# Annotating Training Data With MTurk

## Pre-requisites
If you haven't already, you'll need to setup MTurk and AWS accounts that are linked together to use MTurk with Python. The MTurk account will be used to post tasks to the MTurk crowd and the AWS accounts will be used to connect to MTurk via API and provide access to any additional AWS resources that are needed to execute your task.

1. If you don't have an AWS account already, visit https://aws.amazon.com and create an account you can use for your project.
2. If you don't have an MTurk Requester account already, visit https://requester.mturk.com and create a new account.

After you've setup your accounts, you will need to link them together. When logged into both the root of your AWS account and your MTurk account, visit https://requester.mturk.com/developer to link them together.

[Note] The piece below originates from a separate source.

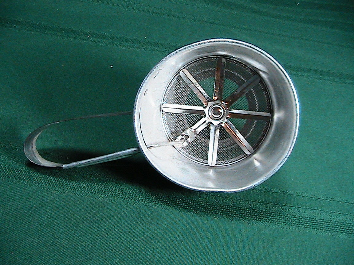 Title (ebay affiliate link): Rustic Flour Hand Squeeze Metal Sifter Antique Vintage Kitchen Primitive Foley
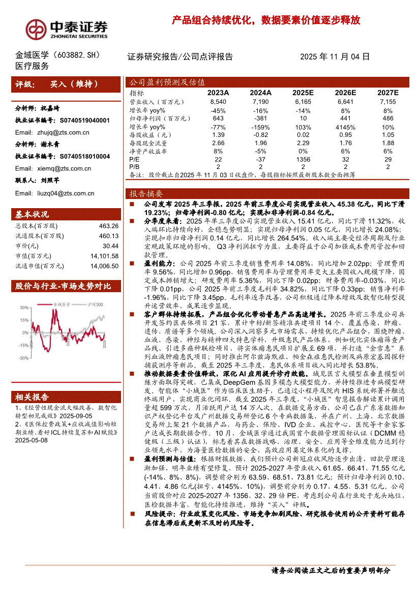 金域医学:中泰证券-金域医学-603882-产品组合持续优化,数据要素价值逐步释放-251104

From your AWS console create a new AWS IAM User or select an existing one you plan to use. Add the AmazonMechanicalTurkFullAccess policy to your user. Then select the Security Credentials tab and create a new Access Key, copy the Access Key and Secret Access Key for future use.

If you haven't installed the awscli yet, install it with pip (pip install awscli) and configure a profile using the access key and secret key above (aws configure --profile mturk). 

To post tasks to MTurk for Workers to complete you will first need to add funds to your account that will be used to reward Workers. Visit https://requester.mturk.com/account to get started with as little as $1.00.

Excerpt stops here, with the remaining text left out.